数据仓库 python
A user buying a Fave Deal or an eCard or using FavePay at Fave’s merchant partners has the option of paying using credit/debit cards or using online banking. They can get further discounts by using credits they’ve accumulated as well as apply promo code to get more. Malaysian users can redeem their AirAsia Big Points and pay from their Boost e-Wallet. Singaporean users can link up their GrabPay Wallet. More recently, we partnered with DBS and Singtel to also give Singaporeans the option of paying at our merchants via their apps while still being able to earn the cashback they would enjoy via the Fave app.

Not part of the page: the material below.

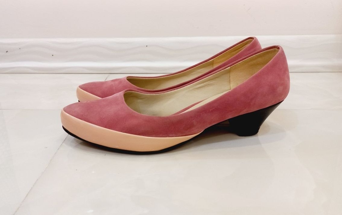 اندازه های کفش صورتی( تصویر سوم): سایز کفش 40 هست. کف کفش 26 سانت هست. و 4 سانت پاشنه دارد. برای سایز 39 و 40 مناسب هست. بسیار کفش راحتی هستش. فقط یکبار یک مجلس پوشیدم و داخل کمد بوده در اثر گذر زمان کناره یکی از لنگه کمی جیرش شکسته و کناره های کفش اگر با دست فشار بیاری به سمت داخل جیرش جدا شده که داخل پا و در حالت پوشیده اصلا مشخص نیست ولی این نکات رو برای افراد حساس گفتم

在Fave的贸易伙伴处购买Fave Deal或eCard或使用FavePay的用户可以选择使用信用卡/借记卡或使用网上银行付款。 他们可以通过使用积累的积分以及应用促销代码获得更多折扣,从而获得更多折扣。 马来西亚用户可以兑换其亚航大积分并通过Boost电子钱包付款。 新加坡用户可以链接他们的GrabPay钱包。 最近,我们与星展银行(DBS)和新加坡电信(Singtel)合作,还为新加坡人提供了通过他们的应用程序向我们的商家付款的选项,同时仍然能够通过Fave应用程序获得他们想享受的现金返还。
我们需要考虑12度的位置,3度的位置,4度的时间,16度的位置和8度的位置 (We need to consider 12 degrees of where, 3 degrees of who, 4 degrees of when, 16 degrees of how and 8 degrees of which)
With all this, it isn’t enough for us to know how much, where and when a user has transacted. We need to consider 12 degrees of where it happens, 3 degrees of who (anonymised, of course) is purchasing, 4 degrees of when purchasing/redeeming occurs, 16 degrees of how the payment is covered, 8 degrees of which Fave offerings apply and 6 degrees of the rewards a user can receive. For Fave’s earliest product, Fave Deals, this meant combining at least 15 tables, all with their own periodicity for data population, to end up with a comprehensive repository of information.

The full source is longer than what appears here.